---------- Material supplied ----------

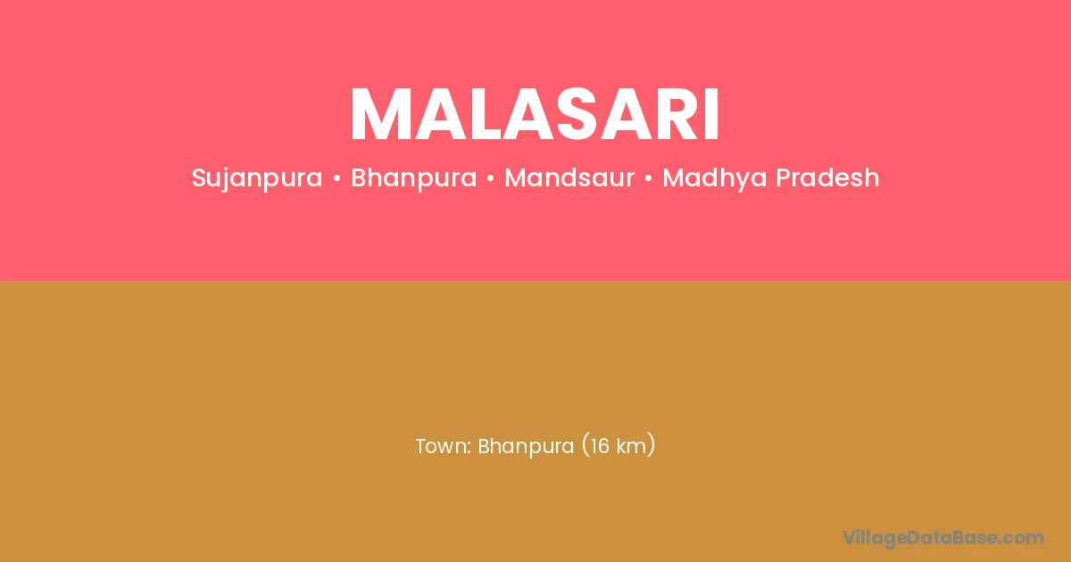 Bhanpura (16 km) is the nearest town to Malasari village for major economic activities and is located approximately 16 km away.
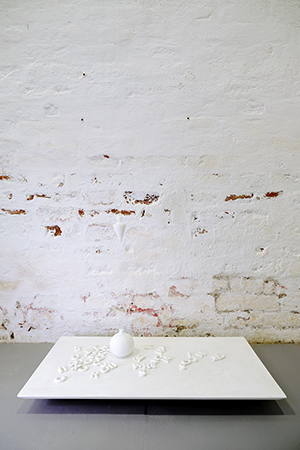 The lead line hanging over the pomegranate shifts our attention to the fruit, creating a tension between masculine and feminine. The disordered overflowing of words that fertilize communication like scattered seeds becomes thought. Beyond appearances, it invites us to consider the non-evident as a reference to the essence of things. S.R.
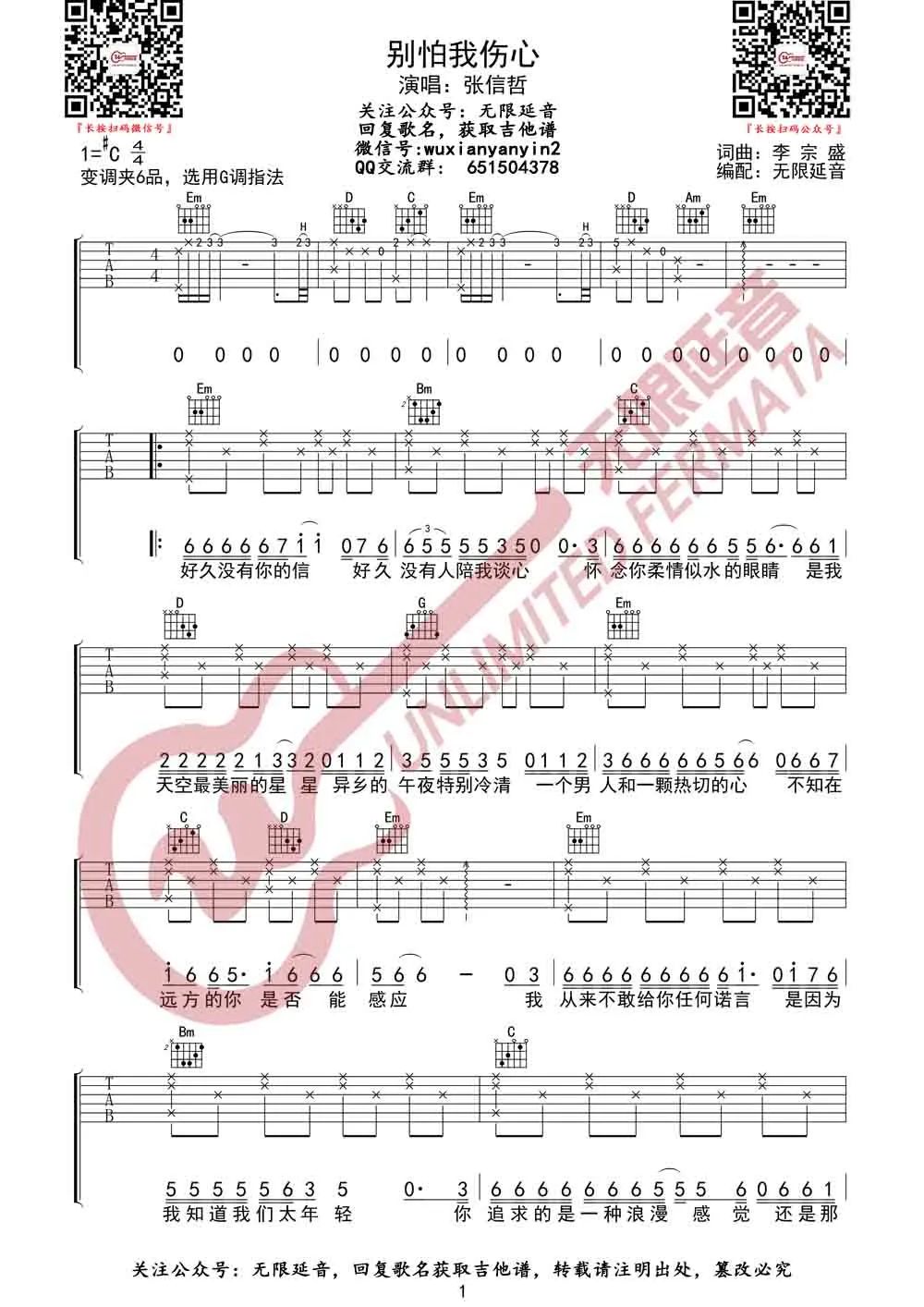 别怕我伤心吉他谱吉他谱是张信哲演唱的一首好听的歌曲,采用G调原版吉他弹奏,。演唱时不夹变调夹即可保持原调,也可根据个人嗓音情况选择,,也可自由发挥。。。
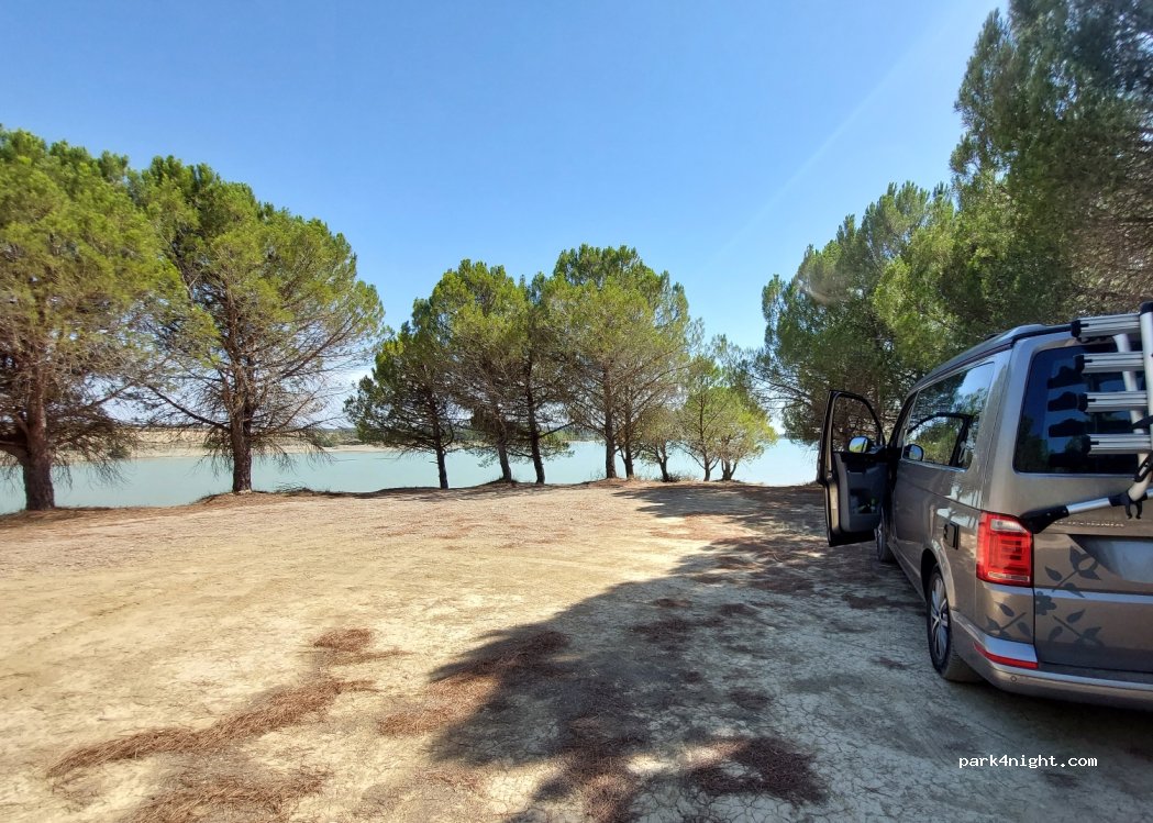 Esplanade neben dem Stausee, nur Mülltonnen. Wir sind mit einem Wohnmobil mit Profilhöhe 2,90 hineingefahren, die Zweige der Kiefern berührten ein wenig. Ich nenne übrigens einen sehr sehr ruhigen Ort mit Schatten. Wir waren morgens und abends halb so. Es gibt keine Bars bzw Geschäfte.
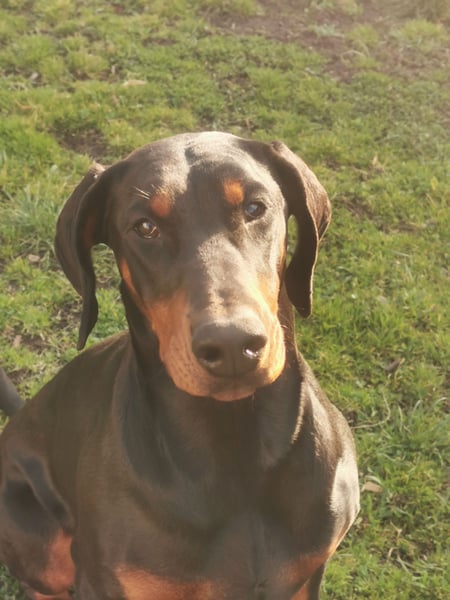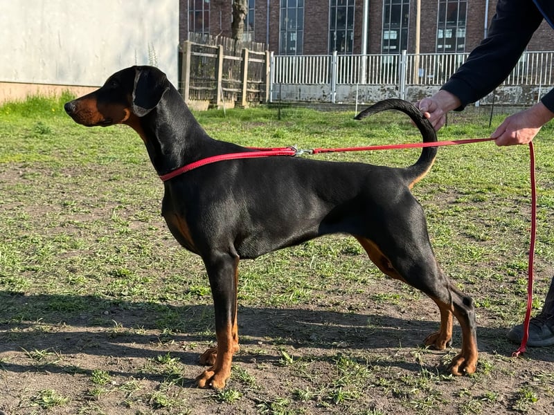 Sie ist ein sehr arbeitsfreudiger und führiger Hund, gleichzeitig verschmust und sehr menschenbezogen. Vally sucht ständig Kontakt zu seinen Bezugspersonen und zeigt ein sicheres Territorialbewusstsein. Ein echter Dobermann mit Charakter. Sie hat für Ihr Alter und Größe kräftige Knochen, eine wunderschöne rot-braunen Brustspiegel- und Beinfarben und einen athletischen, harmonischen Körperbau. Vally ist ideal für Menschen, die sowohl einen treuen Familienhund als auch einen leistungsbereiten Arbeitshund suchen.
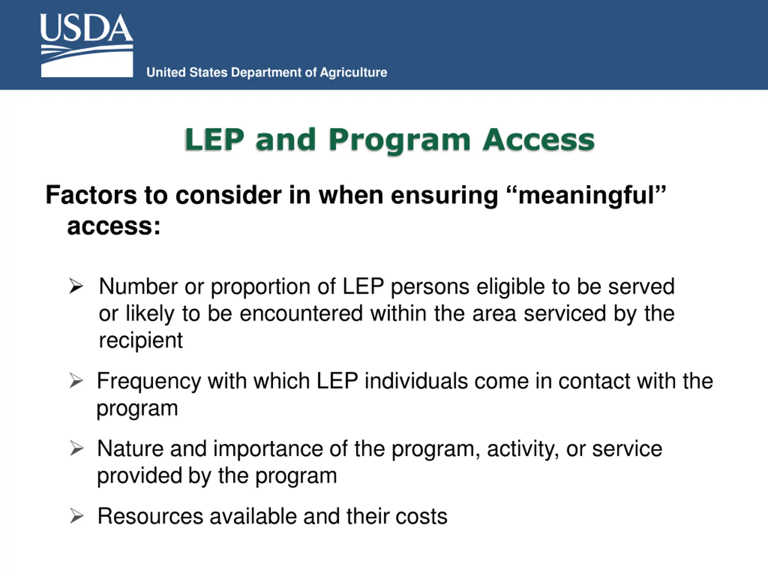 United States Department of Agriculture LEP and Program Access Factors to consider in when ensuring meaningful access: Number or proportion of LEP persons eligible to be served or likely to be encountered within the area serviced by the recipient Frequency with which LEP individuals come in contact with the program Nature and importance of the program, activity, or service provided by the program Resources available and their costs
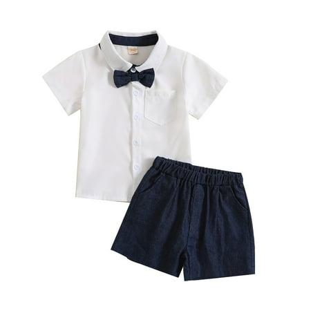 Toddler Little Boys Summer Outfits Summer Short Sleeved White Shirt With Bow Tie Navy Blue Shorts Performance Baby Boys Summer Clothing Sets Size 90 White
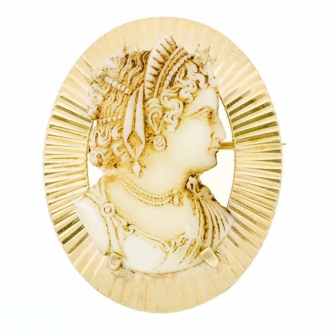 A retro vintage solid 14k rosy yellow gold fluted brooch with 1 white carved shell (29.75x19.4mm). Measures 37x29.9mm and weighs a total of 8.0 grams.
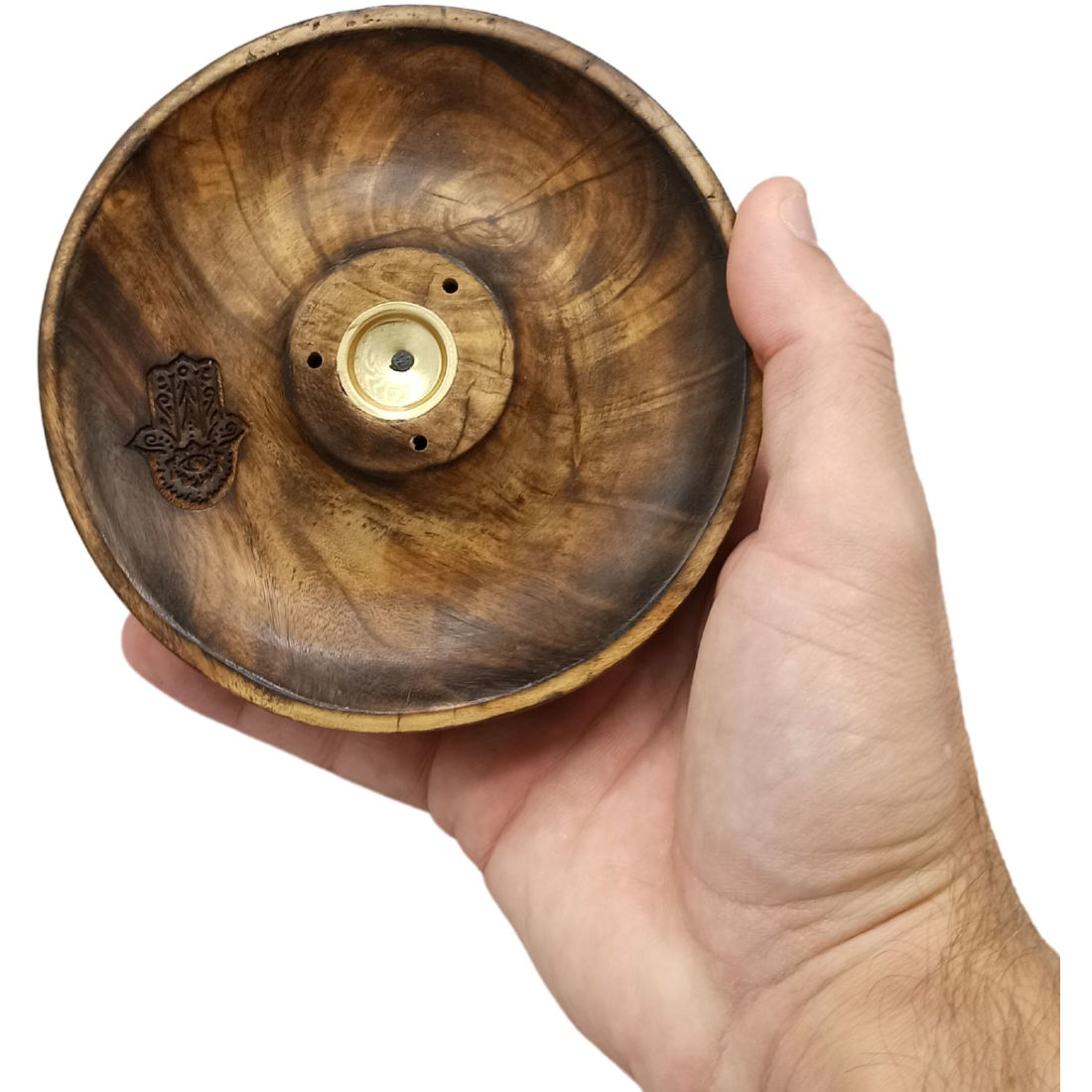 Räucherstäbchen und Kegelbrennerscheibe Mangoholz Hamsa 12,5cm

----------

Requirement
With the pictures left out, please output each line from the one containing "Sie ist ein" through the end of the entries, exactly as it is.

Problem solution
 Sie ist ein sehr arbeitsfreudiger und führiger Hund, gleichzeitig verschmust und sehr menschenbezogen. Vally sucht ständig Kontakt zu seinen Bezugspersonen und zeigt ein sicheres Territorialbewusstsein. Ein echter Dobermann mit Charakter. Sie hat für Ihr Alter und Größe kräftige Knochen, eine wunderschöne rot-braunen Brustspiegel- und Beinfarben und einen athletischen, harmonischen Körperbau. Vally ist ideal für Menschen, die sowohl einen treuen Familienhund als auch einen leistungsbereiten Arbeitshund suchen.
 United States Department of Agriculture LEP and Program Access Factors to consider in when ensuring meaningful access: Number or proportion of LEP persons eligible to be served or likely to be encountered within the area serviced by the recipient Frequency with which LEP individuals come in contact with the program Nature and importance of the program, activity, or service provided by the program Resources available and their costs
 Toddler Little Boys Summer Outfits Summer Short Sleeved White Shirt With Bow Tie Navy Blue Shorts Performance Baby Boys Summer Clothing Sets Size 90 White
 A retro vintage solid 14k rosy yellow gold fluted brooch with 1 white carved shell (29.75x19.4mm). Measures 37x29.9mm and weighs a total of 8.0 grams.
 Räucherstäbchen und Kegelbrennerscheibe Mangoholz Hamsa 12,5cm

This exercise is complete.